SID-NISM: A Self-supervised Low-light Image Enhancement Framework
This work addresses the problem of low visibility in low-light images, which degrades visual aesthetics and the performance of computer vision algorithms, offering an incremental improvement for image processing practitioners.
This paper proposes SID-NISM, a self-supervised framework for enhancing low-light images. It decomposes images into reflectance, illumination, and noise, then enhances the illumination map, resulting in more natural images with fewer artifacts on public datasets.
When capturing images in low-light conditions, the images often suffer from low visibility, which not only degrades the visual aesthetics of images, but also significantly degenerates the performance of many computer vision algorithms. In this paper, we propose a self-supervised low-light image enhancement framework (SID-NISM), which consists of two components, a Self-supervised Image Decomposition Network (SID-Net) and a Nonlinear Illumination Saturation Mapping function (NISM).
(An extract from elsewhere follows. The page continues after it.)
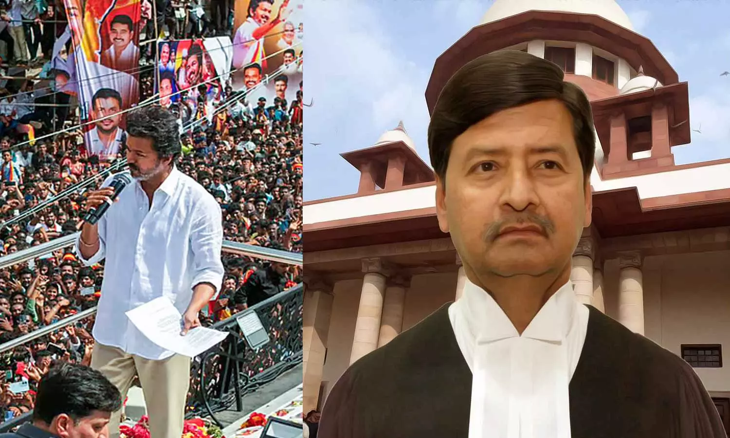 இந்த மனு மீதான விசாரணை சுப்ரீம் கோர்ட்டில் நடைபெற்றது. இந்த மனு, நீதிபதிகள் மகேஸ்வரி, அஞ்சாரியா ஆகியோர் கொண்ட அமர்வில் விசாரணைக்கு வந்தது. அப்போது தமிழக போலீசை மட்டும் கொண்ட சிறப்பு புலனாய்வு குழு மீது எங்களுக்கு நம்பிக்கை இல்லை. எனவே ஓய்வு பெற்ற நீதிபதி தலைமையில் விசாரணை குழு அமைக்கப்பட வேண்டும் என்று தவெக தரப்பு வலியுறுத்தியது.

As a self-supervised network, SID-Net could decompose the given low-light image into its reflectance, illumination and noise directly without any prior training or reference image, which distinguishes it from existing supervised-learning methods greatly. Then, the decomposed illumination map will be enhanced by NISM. Having the restored illumination map, the enhancement can be achieved accordingly. Experiments on several public challenging low-light image datasets reveal that the images enhanced by SID-NISM are more natural and have less unexpected artifacts.